The one mental model

🎣 Your model is a fishing net

Every metric here is just an anxious question someone asks about that net. Hold this picture and the rest follows.

Precision

"Everything I caught — is it actually fish, or did I also pull up boots?"

Of what I flagged positive, how much was right? Boots in the net (🥾) = false positives.

Recall

"All the fish in the lake — did I actually catch them, or did some swim through?"

Of what was really there, how much did I get? Escaped fish = false negatives.

Why they pull against each other: want perfect recall? Cover the whole lake with your net — you'll get every fish, but also every boot (so precision drops). Want perfect precision? Take only the one fish you're 100% sure of — definitely a fish, but you missed 999 others (so recall drops). F1 exists to stop both shortcuts.
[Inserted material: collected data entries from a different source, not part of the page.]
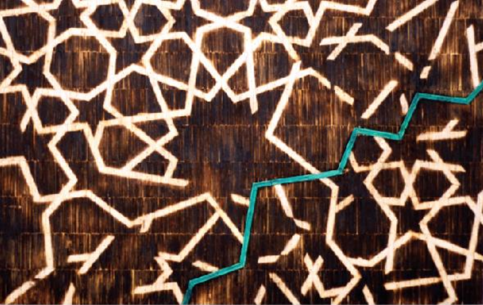
מחמוד קייס, הקו היחיד, טכניקה מעורבת, 50x70 מ"מ, 2012

"הבעיה הביטחונית", "השואה" או "העולם העוין לנצח". זהותו האזרחית של הישראלי מורכבת, ללא כל ספק, מסתירות פנימיות המאפיינות את החברה בכללותה: חיזוק ההגמוניה האורתודוקסית לצד שמירה על הגחלת החילונית, מדינה דמוקרטית לצד אפליה והדרת אוכלוסייה שלמה מכל מעורבות בחיים הכלכליים-חברתיים-מדיניים, צמיחה ועלייה ברמת החיים לצד התחרבותם של פערים חברתיים מדאיגים וכמובן, הפערים האידיאולוגיים בקשר לטריטוריה ושאלת השטחים הכבושים. המושג "זהות" הינו רשת של כל אותן שכבות ורבדים, הארוגה מקודים, מיתוסים, ערכים ואידיאולוגיות, אשר בד בבד משתלבים יחדיו וסותרים ושוללים האחד את השני. שכבה אחת בשנייה, אחת מעל השנייה - ה"זהות" מתנהגת כמעין גוף אמורפי, שמרכיביו מתחברים ומתפרקים ללא הרף, מנסים להתיישב אחד עם השני וברוב המקרים ללא הצלחה ועם ריבוי קונפליקטים. "טרה נובה" דנה באותם קודים, מיתוסים ערכים ואידיאולוגיות אשר חוצים כשתי וערב את השכבות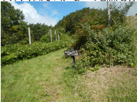
龍山登山道入り口

中央RWIにてドッコ沼経由、龍山巡視。 久しぶりの龍山登山道は整備され歩きやすかった。前後4名ほどの登山者がいました。 アップダウンがきつく、一部ロープ箇所があり、タフなコースでした。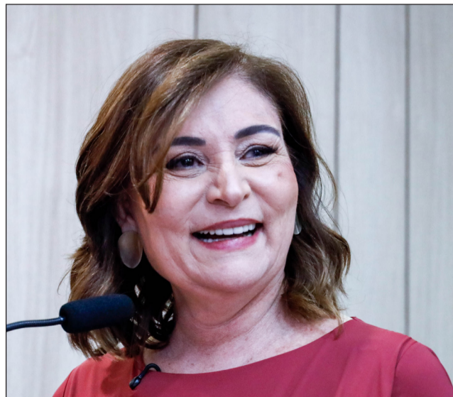
ATUAÇÃO - Deputada preside a Comissão de Ciência e Tecnologia e coordena frente parlamentar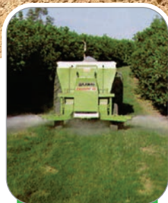
ADUBAÇÃO EM FAIXA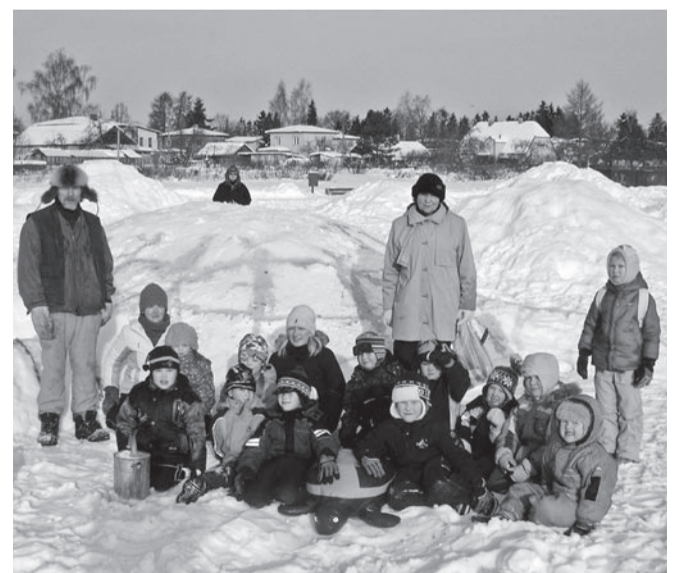
Lumelinna Kilpkonna osakond.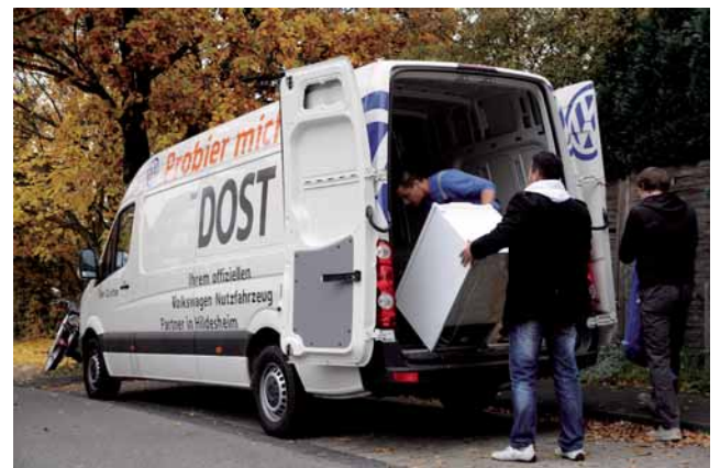
Mitarbeiter von Caritas und Dost verstauen einen alten Kühlschrank. Sein Ziel: die Deponie.

Natürlich geht dies nur mit Hilfe vieler Sponsoren: Die Firma Hagebaumarkt beispielsweise stellt die Kühlgeräte bereit. Und das Autohaus Dost transportiert diese dann zu den Empfängern, nimmt die alten Kühlschränke mit und bringt sie anschließend zur Deponie. „Uns ist wichtig, dass die alten Geräte fachge-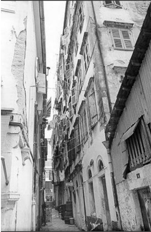
Αποψη της εβραϊκής συνοικίας στην Κέρκυρα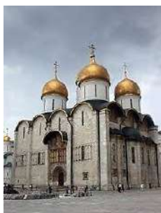
1. Успенский собор в Московском Кремле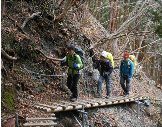
途中コースが崩落で 橋を設置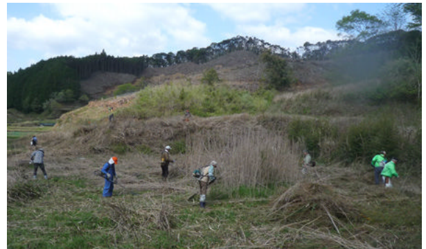
参加人数が多く、早めに終わりました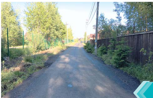
Выполнены работы по устройству асфальтового покрытия на ул. Дачной в рп Андреевка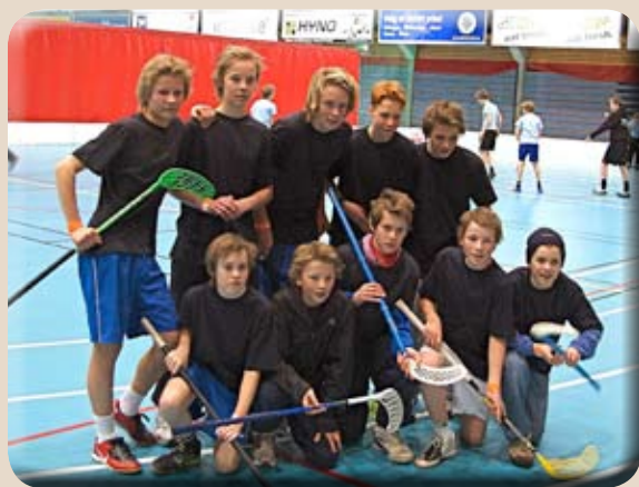
Vinnerlaget i innebandy som imponerte med godt spill og sterk lagmoral!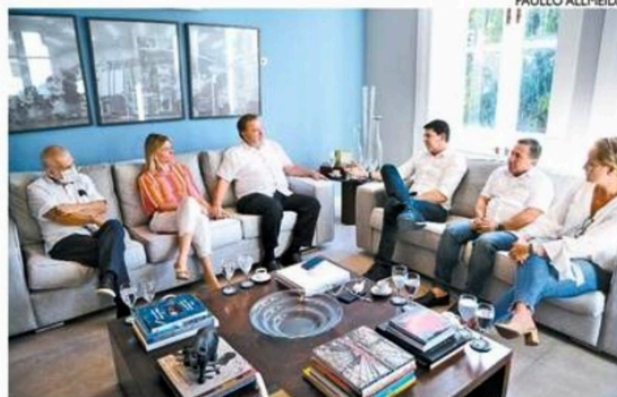
Gestor (centro, à direita) fez visita institucional à Folha de Pernambuco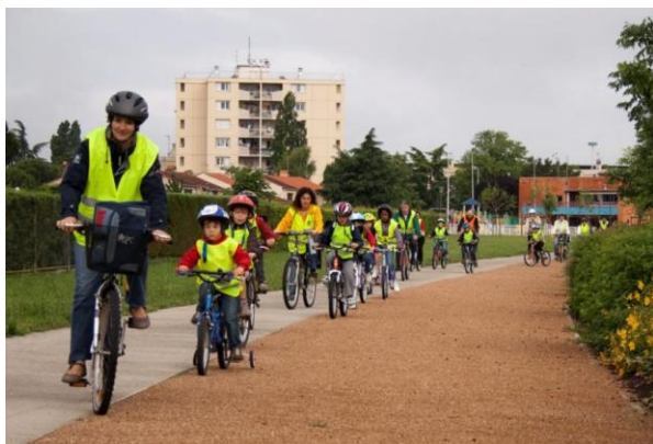
Line de Vélo-bus [6]

Les actions à mettre en place par la suite dépendront donc des objectifs fixés par chaque école et devront donc être adaptées pour être cohérentes. Des mesures d'accompagnement peuvent venir appuyer les actions mises en place pour les rendre plus efficaces (ex : Dans le cadre de la mise en place d'un pédibus/vélo-bus, il est judicieux d'installer des aménagements sécurisants leurs itinéraires, d'un parking à vélo, etc...)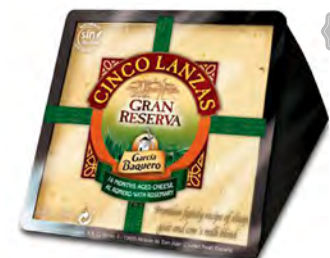
Cinco Lanzas Al Romero Cont. Net.: 200g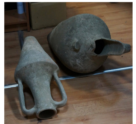
Античні амфори поповнили колекцію Одеського національного археологічного музею.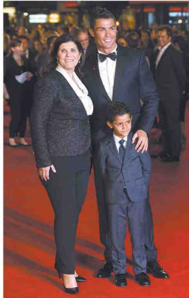
עם אמו, מריה, ובנו, כריסטיאנו ג'וניור, בלונדון. "הבן שינה אותי"

הסצנות שהן אולי המעניינות ביותר בסרט הן אלו שצולמו בביתו, עם כריסטיאנו ג'וניור, בנו בן ה־5. הם יושבים יחד על ספה וצופים בטלוויזיה, חול־קים ארוחת בוקר ומדברים על החיים באופן מודע למדי, אבל נוגע ללב. את זהותה של האם הוא לא חשף מעולם, והשמועות אומרות ששילם סכומי כסף אדירים כדי לקבל משמורת בלעדית על בנו. צהובון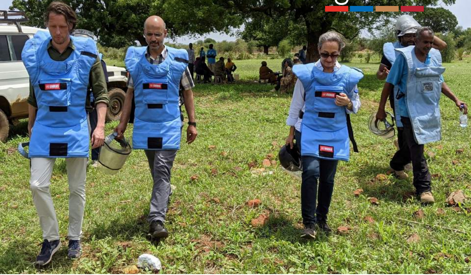
مديرة دائرة الأمم المتحدة للأعمال المتعلقة بالألغام بالإبابة، إيلين كوهن، تزور عمليات دائرة الأمم المتحدة للأعمال المتعلقة بالألغام في السودان، يونيو 2021.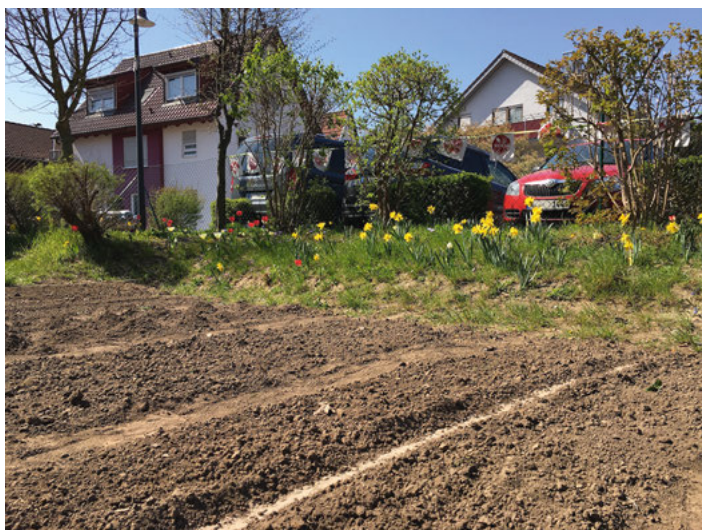
Noch sieht es unscheinbar aus, aber Radies und Karotten stehen in den Startlöchern für die neue Saison am ACKER

Dem Frühling ist die Coronakrise egal - mit aller Macht bringt er das Leben auf Wiesen und Feldern hervor.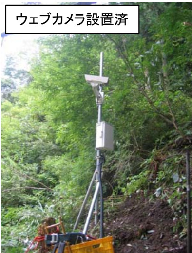
ウェブカメラ設置済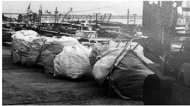
回収された膨大な海洋ごみの現状

県・市・漁協等において、漂流ごみ等の回収処理の在り方を検討し、地域の実情に応じた処理体制を構築することが必要と考えます。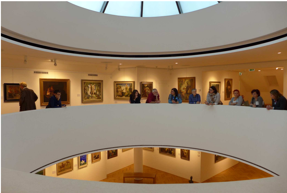
Galéria Nedbalka, Bratislava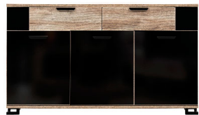
GT 03 - komoda sideboard → / ✂ / ↑ 152,5 / 39,5 / 88,5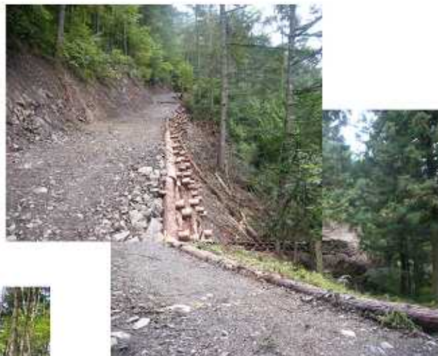
間伐のために開設した作業道（安曇野市 黒沢）

① While training · the overfitting alarm

📉 Loss, validation loss & perplexity

Before judging quality, you watch whether the model is learning at all. During finetuning your dashboard shows loss dropping over time. The single most important habit for a beginner: watch the validation curve, not the training curve.

Drag through training epochs:

Train loss

—

model fit to training data

Val loss

—

fit to unseen data — the real signal

Perplexity

—

exp(val loss)

What is perplexity?

perplexity = e^loss. Read it as: "how many equally-likely words is the model choosing between at each step?" Perplexity 1 = perfectly certain & correct. Perplexity 50 = as unsure as picking from 50 options. Lower is better.

How to spot overfitting

Train loss always keeps dropping — the model can memorize. When val loss turns back upward while train loss falls, it's memorizing, not learning. That gap is your signal to stop early.

① While training · the headline number for language models

🎲 Perplexity & cross-entropy, in plain terms

🌤️ Think of a weather forecaster. Every day they predict tomorrow. A language model does the same — but predicts the next word.

Perplexity = how many options is the forecaster still guessing among?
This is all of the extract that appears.